=== Begin Enclosure ===

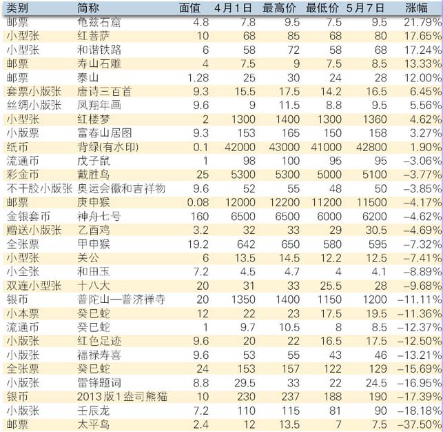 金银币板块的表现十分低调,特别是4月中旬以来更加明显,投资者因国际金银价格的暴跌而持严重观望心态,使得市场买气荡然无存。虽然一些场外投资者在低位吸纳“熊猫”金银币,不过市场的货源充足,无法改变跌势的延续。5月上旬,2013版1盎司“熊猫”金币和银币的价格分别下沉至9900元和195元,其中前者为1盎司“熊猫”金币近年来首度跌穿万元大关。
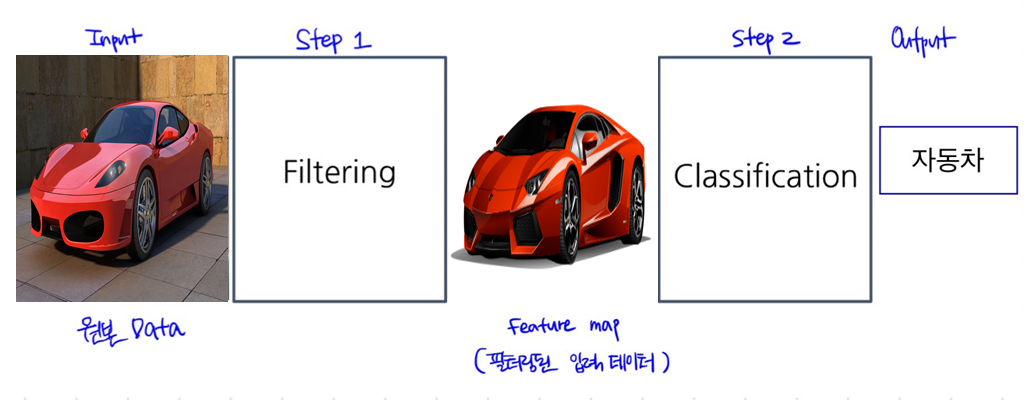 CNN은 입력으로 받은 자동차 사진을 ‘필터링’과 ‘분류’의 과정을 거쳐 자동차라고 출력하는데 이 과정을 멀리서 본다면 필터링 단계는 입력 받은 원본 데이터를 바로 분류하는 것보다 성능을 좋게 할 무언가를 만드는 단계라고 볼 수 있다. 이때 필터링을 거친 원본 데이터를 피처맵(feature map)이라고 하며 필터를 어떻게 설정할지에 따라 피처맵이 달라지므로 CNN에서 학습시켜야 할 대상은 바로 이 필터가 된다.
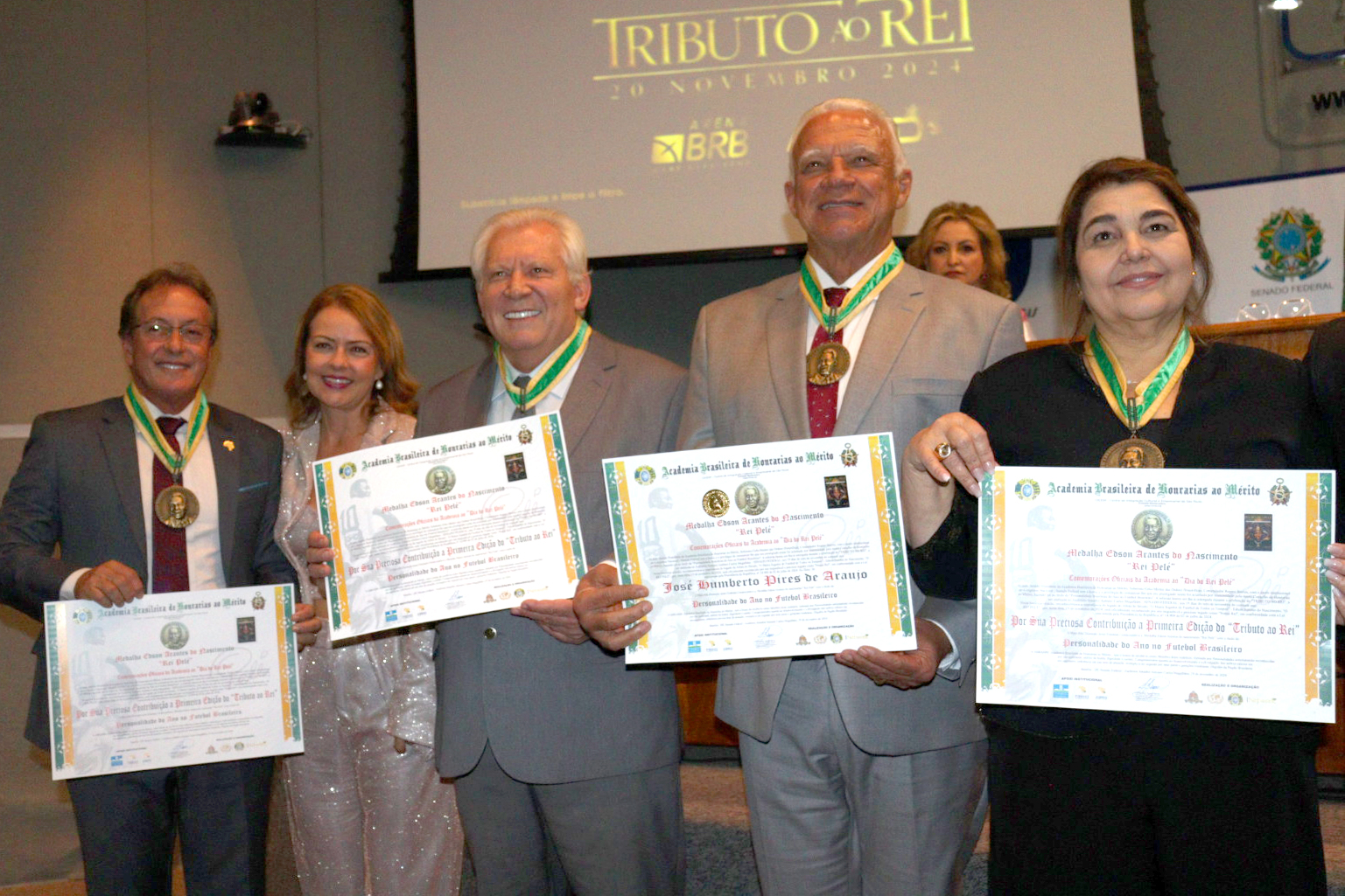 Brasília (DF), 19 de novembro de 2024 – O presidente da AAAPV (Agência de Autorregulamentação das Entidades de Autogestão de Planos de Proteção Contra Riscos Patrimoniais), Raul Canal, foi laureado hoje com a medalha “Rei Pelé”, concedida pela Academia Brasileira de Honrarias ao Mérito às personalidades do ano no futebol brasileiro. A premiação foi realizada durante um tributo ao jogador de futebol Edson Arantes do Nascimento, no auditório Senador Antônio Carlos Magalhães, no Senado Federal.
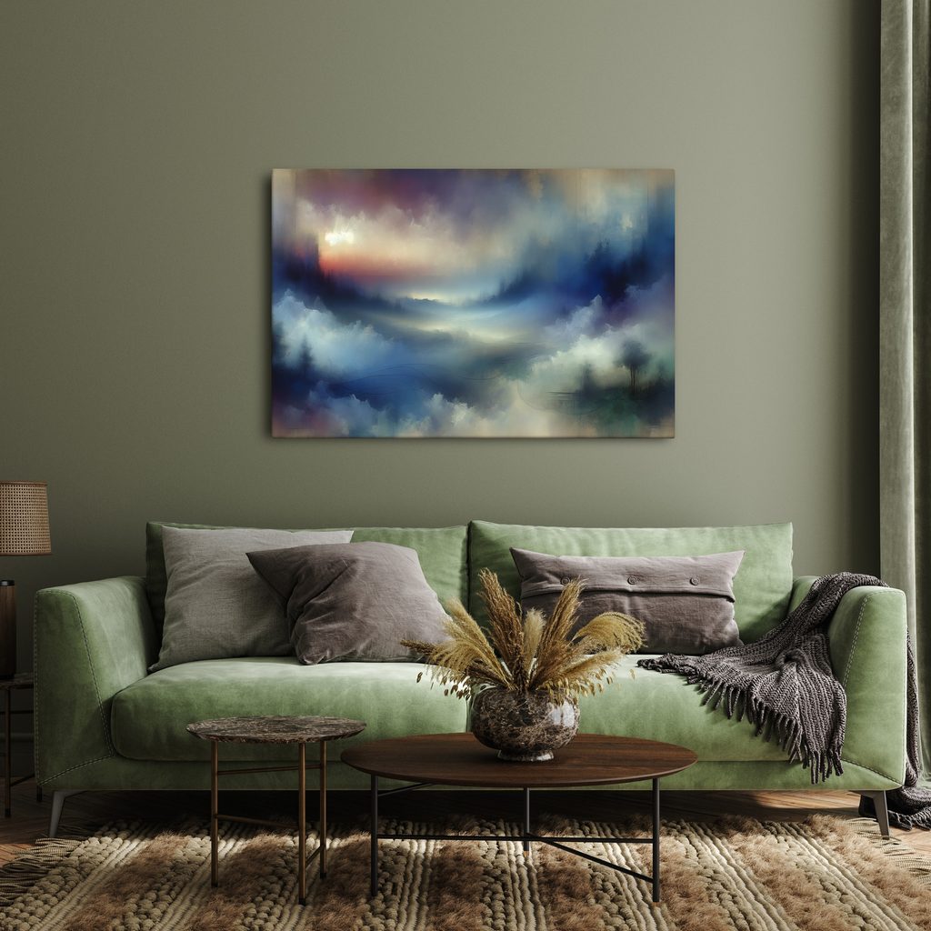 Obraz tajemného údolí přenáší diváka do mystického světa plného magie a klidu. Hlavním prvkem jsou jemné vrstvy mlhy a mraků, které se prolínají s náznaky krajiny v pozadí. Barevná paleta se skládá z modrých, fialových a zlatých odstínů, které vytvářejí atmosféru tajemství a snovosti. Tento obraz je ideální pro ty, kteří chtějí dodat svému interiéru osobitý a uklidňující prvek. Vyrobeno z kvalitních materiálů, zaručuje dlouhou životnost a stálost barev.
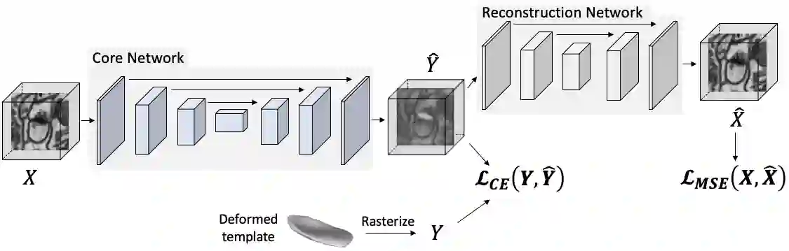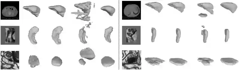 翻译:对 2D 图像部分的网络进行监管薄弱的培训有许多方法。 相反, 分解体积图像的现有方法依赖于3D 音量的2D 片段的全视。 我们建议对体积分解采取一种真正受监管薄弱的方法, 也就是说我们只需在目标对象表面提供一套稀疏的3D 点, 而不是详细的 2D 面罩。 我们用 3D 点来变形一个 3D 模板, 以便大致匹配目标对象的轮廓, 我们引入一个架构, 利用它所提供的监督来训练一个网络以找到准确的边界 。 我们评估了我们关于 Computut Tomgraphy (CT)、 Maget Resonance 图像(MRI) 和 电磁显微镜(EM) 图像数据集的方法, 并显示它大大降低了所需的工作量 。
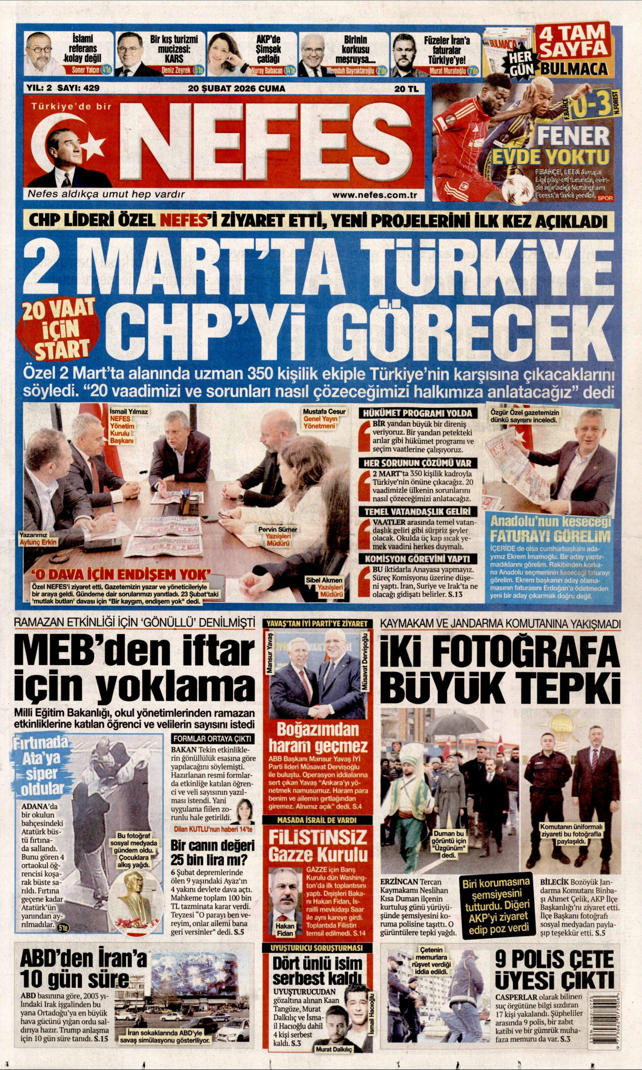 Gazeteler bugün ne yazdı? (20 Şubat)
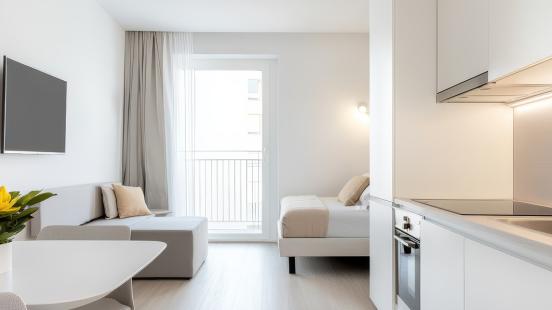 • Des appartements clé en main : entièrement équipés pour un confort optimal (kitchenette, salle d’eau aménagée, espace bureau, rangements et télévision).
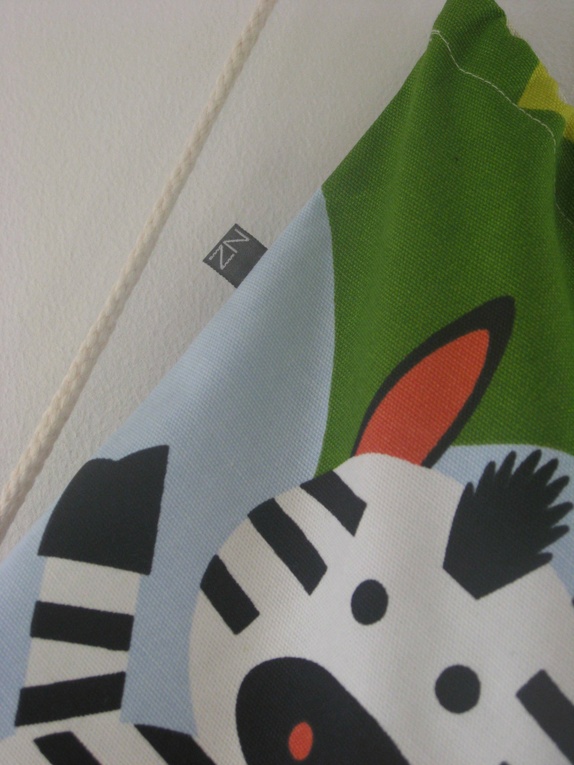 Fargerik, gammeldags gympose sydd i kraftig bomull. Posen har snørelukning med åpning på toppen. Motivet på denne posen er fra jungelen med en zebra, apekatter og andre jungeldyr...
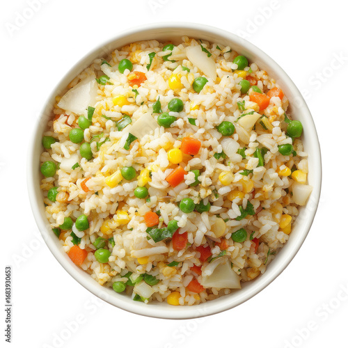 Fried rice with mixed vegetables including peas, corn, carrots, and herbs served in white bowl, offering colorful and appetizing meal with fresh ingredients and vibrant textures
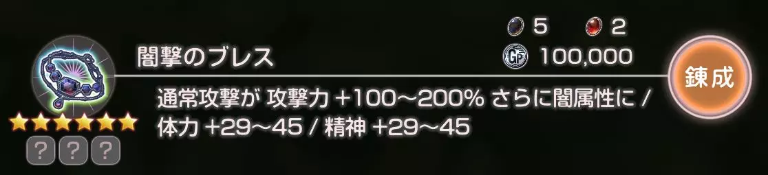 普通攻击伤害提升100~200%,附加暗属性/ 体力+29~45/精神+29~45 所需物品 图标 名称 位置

=== End Enclosure ===

_About this exercise_. Where an image appears in the data, skip it, and return the rest verbatim.

_Task response_.
 金银币板块的表现十分低调,特别是4月中旬以来更加明显,投资者因国际金银价格的暴跌而持严重观望心态,使得市场买气荡然无存。虽然一些场外投资者在低位吸纳“熊猫”金银币,不过市场的货源充足,无法改变跌势的延续。5月上旬,2013版1盎司“熊猫”金币和银币的价格分别下沉至9900元和195元,其中前者为1盎司“熊猫”金币近年来首度跌穿万元大关。
 CNN은 입력으로 받은 자동차 사진을 ‘필터링’과 ‘분류’의 과정을 거쳐 자동차라고 출력하는데 이 과정을 멀리서 본다면 필터링 단계는 입력 받은 원본 데이터를 바로 분류하는 것보다 성능을 좋게 할 무언가를 만드는 단계라고 볼 수 있다. 이때 필터링을 거친 원본 데이터를 피처맵(feature map)이라고 하며 필터를 어떻게 설정할지에 따라 피처맵이 달라지므로 CNN에서 학습시켜야 할 대상은 바로 이 필터가 된다.
 Brasília (DF), 19 de novembro de 2024 – O presidente da AAAPV (Agência de Autorregulamentação das Entidades de Autogestão de Planos de Proteção Contra Riscos Patrimoniais), Raul Canal, foi laureado hoje com a medalha “Rei Pelé”, concedida pela Academia Brasileira de Honrarias ao Mérito às personalidades do ano no futebol brasileiro. A premiação foi realizada durante um tributo ao jogador de futebol Edson Arantes do Nascimento, no auditório Senador Antônio Carlos Magalhães, no Senado Federal.
 Obraz tajemného údolí přenáší diváka do mystického světa plného magie a klidu. Hlavním prvkem jsou jemné vrstvy mlhy a mraků, které se prolínají s náznaky krajiny v pozadí. Barevná paleta se skládá z modrých, fialových a zlatých odstínů, které vytvářejí atmosféru tajemství a snovosti. Tento obraz je ideální pro ty, kteří chtějí dodat svému interiéru osobitý a uklidňující prvek. Vyrobeno z kvalitních materiálů, zaručuje dlouhou životnost a stálost barev.
 翻译:对 2D 图像部分的网络进行监管薄弱的培训有许多方法。 相反, 分解体积图像的现有方法依赖于3D 音量的2D 片段的全视。 我们建议对体积分解采取一种真正受监管薄弱的方法, 也就是说我们只需在目标对象表面提供一套稀疏的3D 点, 而不是详细的 2D 面罩。 我们用 3D 点来变形一个 3D 模板, 以便大致匹配目标对象的轮廓, 我们引入一个架构, 利用它所提供的监督来训练一个网络以找到准确的边界 。 我们评估了我们关于 Computut Tomgraphy (CT)、 Maget Resonance 图像(MRI) 和 电磁显微镜(EM) 图像数据集的方法, 并显示它大大降低了所需的工作量 。
 Gazeteler bugün ne yazdı? (20 Şubat)
 • Des appartements clé en main : entièrement équipés pour un confort optimal (kitchenette, salle d’eau aménagée, espace bureau, rangements et télévision).
 Fargerik, gammeldags gympose sydd i kraftig bomull. Posen har snørelukning med åpning på toppen. Motivet på denne posen er fra jungelen med en zebra, apekatter og andre jungeldyr...
 Fried rice with mixed vegetables including peas, corn, carrots, and herbs served in white bowl, offering colorful and appetizing meal with fresh ingredients and vibrant textures
 普通攻击伤害提升100~200%,附加暗属性/ 体力+29~45/精神+29~45 所需物品 图标 名称 位置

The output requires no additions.